Questions:  What is a kiosk?  There is no definition in the IBC for kiosk.  I am not sure when to require a permit to enforce Section 402.11 "Kiosks" in the 2009 IBC.  They even call the small vending machines where you get a parking tag that took the place of parking meters a kiosk.  The following are the things I see at the mall but I am not sure if they are a kiosk and require a permit or not.  I am mostly concerned about accessibility.  Does it matter if any of these things are attached to the floor?  Some of these things may be considered furniture which does not need a permit.  All these things are in the middle of the mall.  I am only sure that #1 is a kiosk.  What do you think?

1. Counters, shelving, cabinets, partitions and appliances attached together that surround an employee work area in the center.

2. Same as #1 but not attached together and the different components could be easily moved.  Is this furniture?

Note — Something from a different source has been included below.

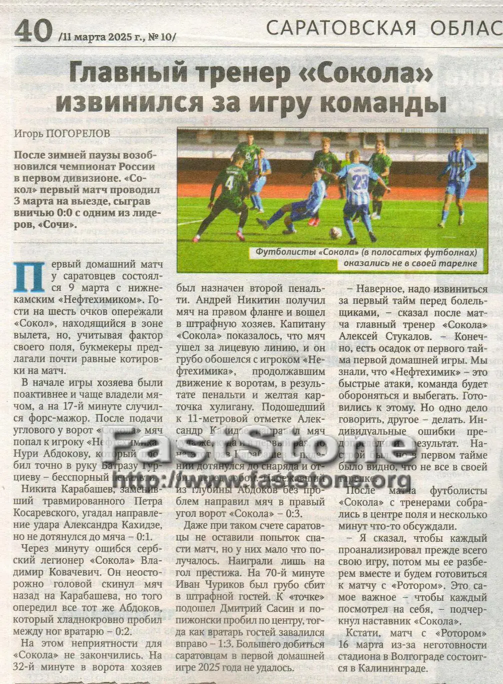 Сокол Саратов – Нефтехимик Нижнекамск 09.03.2025 Газетный отчет
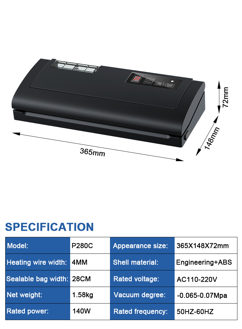 P280C Quality Heavy Duty Vacuum Food Sealer Plain Bag Vacuum Sealer Machine Liquid Food Vacuum Sealer Machine

3. Same as #1 but no employee area inside, the employee works on the outside.

4. Same as #2 but no employee area inside, the employee works on the outside.

5. An area with 8' partitions and doors, no ceiling being used as a tax office.

6. A one piece object that has cabinets, shelves, counters and cash registers that is movable but very heavy.

7. Same as #6 with wheels.

8. A few folding tables with a partition behind them; the employee can stand between the tables and partition.

9. An area with a 3' high picket fence around it.  Used for Santa.

10. A baby stroller rent station.

11. A photo booth.

12. An area with a group of massage chairs.

13. A group of vending machines.

14. A structure with a map of the mall and some advertising.

15. An electronic kiosk that only houses a computer terminal.


----------



## High Desert (Dec 1, 2010)

Overall I would tend to agree with the response. Remember that a mall is basically a pedestrian way and anything that could add fuel loading or abstruct the means of egress should be regulated. Malls have an outstanding safety history and I don't know if I have ever heard of a death in one as the result of an inadequate code provision.


----------



## Rick18071 (Dec 1, 2010)

It seems to be impossible to enforce requiring permits and inspecting kiosks that can be moved easily. I found out that the mall in my work area looks alot different on weekends . I don't work weekends and I live a hour away from the mall. I am only paid to do inspections and plan reviews, not to be a cop. I am not going to keep checking it out all the time. The mall rents these wheeled kiosks for a month, week, day, or hour. They bring them out of the storage room, for an day or a few hours. The mall also lets people set up folding tables for a day or an hour. I heard from others that on weekends the mall gets filled with these kiosks. Every time I stop at the mall to do an inspection on a on current project (tenant fit-outs) the kiosks are different places with different tenants. I found out two different kiosks change places twice a day. One guy rents two of these wheeled kiosks to sell t shirts that he keeps only about 5 feet apart to man both of them(would this be one or two kiosks?) Except for the more permanent kiosks I am not going to require permits.


----------